The primary aim of many new trainers is to increase Muscle Mass while reducing Body Fat.

This goal is synonymous with the first time or returning trainer and quite achievable in the initial stages of training, with adequate planning. Periodization, i.e. adding muscle or stripping fat will be employed later down the line when a foundation has been built, but for now the new trainer can exploit what is deemed the ‘honeymoon period’, reduce body fat and increase muscle girth and strength at the same time.

The notion of ‘feeling the burn’ and ‘no pain, no gain’ also have to be eliminated from the mindset of the trainer in order to make the best progress. 


The plan will be a simple three day weight training plan with a cardio schedule included. It will be free of ‘ego work outs’, it will exclude training to failure on bicep curls and will not have the trainer doing 500 sits up a day and running on soft sand before downing 10 raw eggs. This is simply the bread and butter for the new or returning trainer.

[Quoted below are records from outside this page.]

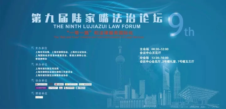 2017年11月18日,由上海市司法局、上海市律師協會、上海市公證協會、上海國際經濟貿易仲裁委員會、香港大律師公會、香港律師會聯合主辦,上海市浦東新區司法局、上海市律師協會浦東律師工作委員會、上海市浦東新區法律服務業協會承辦,并由多家律所協辦的第九屆陸家嘴法治論壇在上海西郊賓館會議中心舉行。
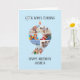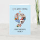 Faça do seu filho o 9º aniversário extra especial com este adorável 9º Cartão com fotos de aniversário. Com um fundo azul claro, design de "Olha quem está girando 9", e um grande número nove ilustrado como uma vela de aniversário, este cartão é cheio de alegria e charme. O verso do cartão inclui um gráfico de cupcake doce com um "Parabéns". A dentro do cartão tem muito espaço para suas próprias palavras sinceras. Perfeito para pais, avós, amigos, ou família, este cartão é um guardião para o tesouro quando seu filho celebra seu nono aniversário.
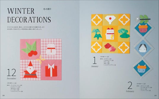PART2では、四角いタイルの上に季節のモチーフを組み合わせて作る、12ヶ月の飾りを紹介しています。部屋に吊るして、壁に貼って。クリスマス、お正月、節分、こどもの日、七夕、お月見、ハロウィンと、季節のおりがみをお届けします。
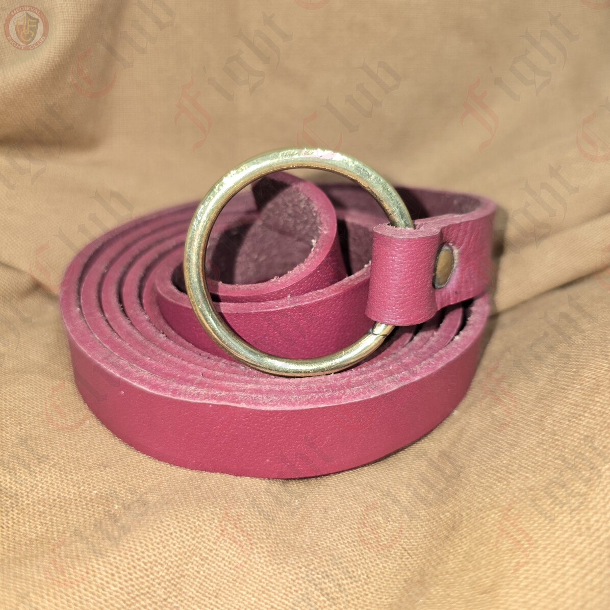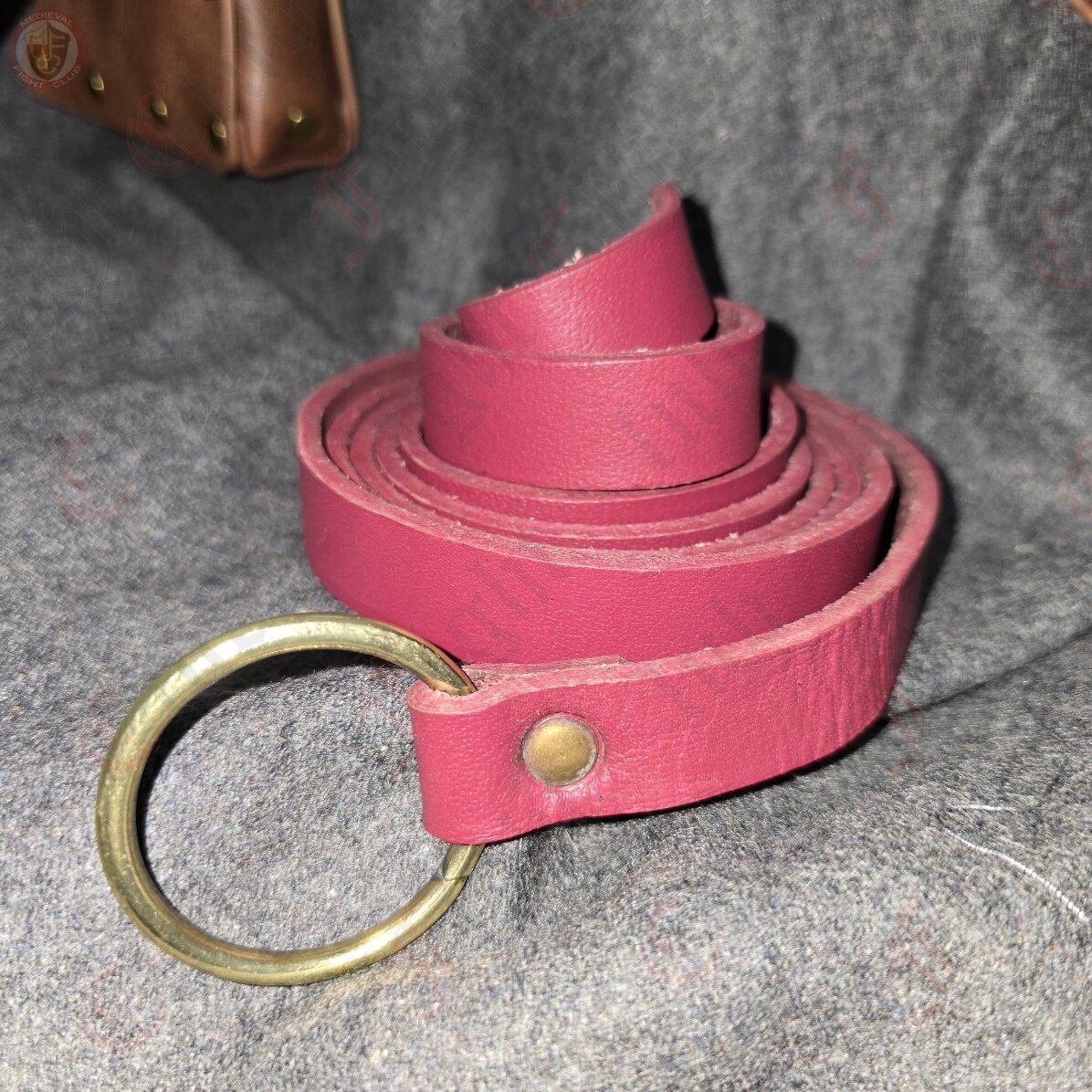 A simple, thin maroon single ring leather belt perfect for accessorising your reenactment or LARP gear.
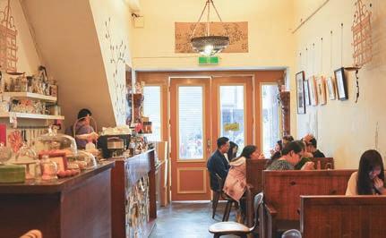 位處街角轉處被植物包圍的老木屋,店裡 不大,滿室掛滿乾燥花,配上老舊物件,有 一種秘密基地的感覺,亦為老屋添上唯美的 風格,這裡提供咖啡及茶飲,但也比不上可愛 店貓,更吸引客人的注意。 珈

For the new trainer, any weight training stimulus will have an effect on muscle strength and size


Regardless of what the trainer does, they will increase mass and strength. Although this is the case, it certainly doesn’t mean the trainer has a licence to indulge in suboptimal training routines, littered with ill thought out exercises and rep/set schemes. These gains will slow and stop if progression and adequate exercises are not employed.


The common mistake of the ‘newbie’ trainer is to head to the chest press, the bicep machine and finally the ab cruncher; this alone will cause muscular imbalances and also hinder the aesthetic appeal of a ‘complete’ physique.